We took an early ferry to Naples, then a taxi to the train station to catch a train to Rome. We arrived in Rome at  noon and so we dropped our bags at the Hotel Villa del Parco an hopped on the #62 line for a last look at Rome. We decided to go piazza crawling to give Gary an opportunity to discover the ultimate osso buco. (Literal Italian translation is Bone Hole, which is what you find in flank steaks of veal and beef. I prefer other cuts of meat, but Gary thinks this

The Pantheon, Rome

The Pantheon, Rome

dish is sublime. Our first stop was the Piazza della Rotonda in front of the Pantheon where we got a table in the shade to have some refreshments and people watch at a restaurant called Il Scusate Ritardo. We spent 33 Euros here (about $44.00) the Diet Coke price is about  $9.00 and beer is  $11.50 so the refreshment tab can mount quickly here, but after all I did get those 3 ice cubes in a glass for my Diet Coke. Anyway it provided an opportunity for some memorable people watching. In addition to the masses of tourists, this piazza is prime turf for knock-off purse salesmen. In fact, one of these entrepreneurs , who had an intriguing line of Louis Vuitton handbags (4 on each arm), we decided was  actually Michael Vick. He he had on the #7 Falcons jersey with the name Vick on the back and he also looked very much like him. And, we had seen him or a body double wearing this same outfit in Buenos Aires a few years ago. We decided that perhaps he was working here in his old jersey in the off season. He and his two sales associates vanished like smoke when the police on foot patrol strolled onto the piazza.

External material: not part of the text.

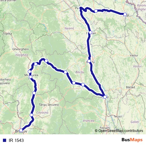 The first stop of the IR 1543 rail route is Braşov and the last stop is Iaşi. IR 1543 is operational during everyday.

Our next stop was the Piazza de la Fiore where workers were just cleaning up from the big Saturday market. We perused all the menus on restaurants there and found only one offering Osso Buco, but it did not have a single customer, so we took this as a sign and moved on to the Piazza Navona and a much livelier scene. There we found both osso bucco and the Michael Vick impersonator still pedaling purses to this crowd – a true traveling salesman.

After dinner we had a leisurely stroll through the streets of Rome, enjoying our last night in Italy, finding ourselves in the Piazza Venezia at the end of the main street of Rome, the Via del Corso. There is a huge monument (even by Roman standards) to Victor Emmanuel build in 1911 out of white marble  which many Romans think is something of a sore thumb, an atrocity plunked down in the middle of Rome. Speaking of atrocities, this piazza, also the site of  the Pallazo Venezia – a 15th Century palace which was once  home to Mussolini and the site of many of his public rants.

We left Rome early the next morning, headed for home after a truly remarkable adventure filled each day with wonder and learning. The words of British author, Douglas Adams, may have expressed it best: “I may not have gone where I intended to go, but I think I have ended up where I needed to be.”